I will never believe if someone says 'I don't have an alter ego.' C'mon, there are times when you feel so mad or happy or indecisive or different and there you go...the other side of you will just rise up without you knowing it. Following that would be the poor judgement either cursing someone or making promises that you'll regret the next hour.
Frankly speaking, I have this alter ego that only some of my friends know. I bottle up my feelings most of the time but I heal fast...not so fast though, usually according to the situation that I'm dealing with. Lately, I have been so stressful that I curse people directly. I'm not the kind of person who uses profaning words to anybody with the intention of making them to feel bad...no! Nobody likes to be scolded at and pushed around like you are a robot with no feelings and emotions.
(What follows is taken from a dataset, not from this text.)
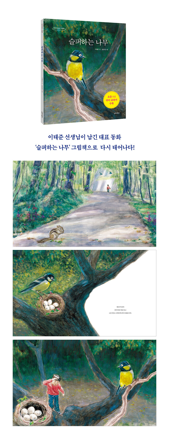 우리나라를 대표하는 작가 이태준 선생님의 동화를 그림책으로 풀어낸 책이다. 그림책 속 아이는 우연히 새 둥지를 발견하고, 그 안에 있는 새알을 보게 된다. 아이는 그저 바라보는 것만으로는 부족한지 새알을 집으로 가져가려고 한다. 결국 아이의 이런 욕심은 나무를 슬픔에 빠뜨리는 결과를 낳게 된다.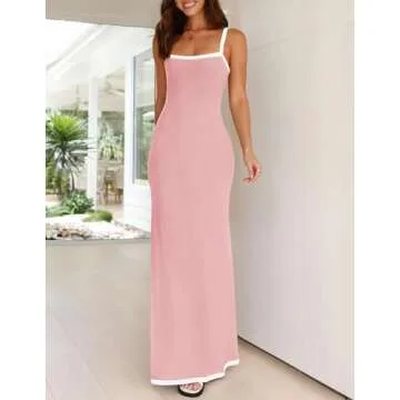 ZESICA Women's 2025 Summer Spaghetti Straps Maxi Dress Sleeveless Square Neck Lightweight Long Beach Dresses,Pink,Small

I would like confess something. I don't like this place anymore especially the incompetent admins. I know our program is new to you but you should have prepared something for us. Outline whatever we need to do and stop pushing us around like the victim during the slavery years. I remember the first day I went to UPM. It's a big place and yet, there was not problem regarding our program over there and even if there were problems, the lecturers and admins would never drag us into their ring. How professional is that? I got to admit that, 39 of us have been working our asses out to understand and to be aware of regarding the unsettled business that we need to complete before taking our feet off for practicum. This place is so small yet why are you guys making everything so intricate?
There was once when I tried to gather the lecturers for a meeting because everyone was so blurred since the briefing was very subtle. It was freaking hard that I needed to raise my voice. I was sorry for that but you never learned the first time so I had to do it again to wake you up. I just couldn't accept the words, "I don't want to discuss with him/her/them because I don't like him/her/them." That was merely stupid. The way each and everyone of you pushes us around making us regret coming back. Even worse, I've explained repeatedly about this program to most of you but you always asked the same thing over and over again. Does it mean that you don't want to know or it is just so hard that you can't even comprehend? You asked for the timetable and dates so I gave, but you didn't even refer to any of them when it came to setting up programs...so the problems appeared because everything was hair-wired and disorganised. You are just lazy aren't you?
The most interesting part of the events was, "Don't compare UPM with IPBA." Wow! Magical words! Why and what should we compare? You are not comparable at all! I'm grateful for the opportunity to study here but not to you.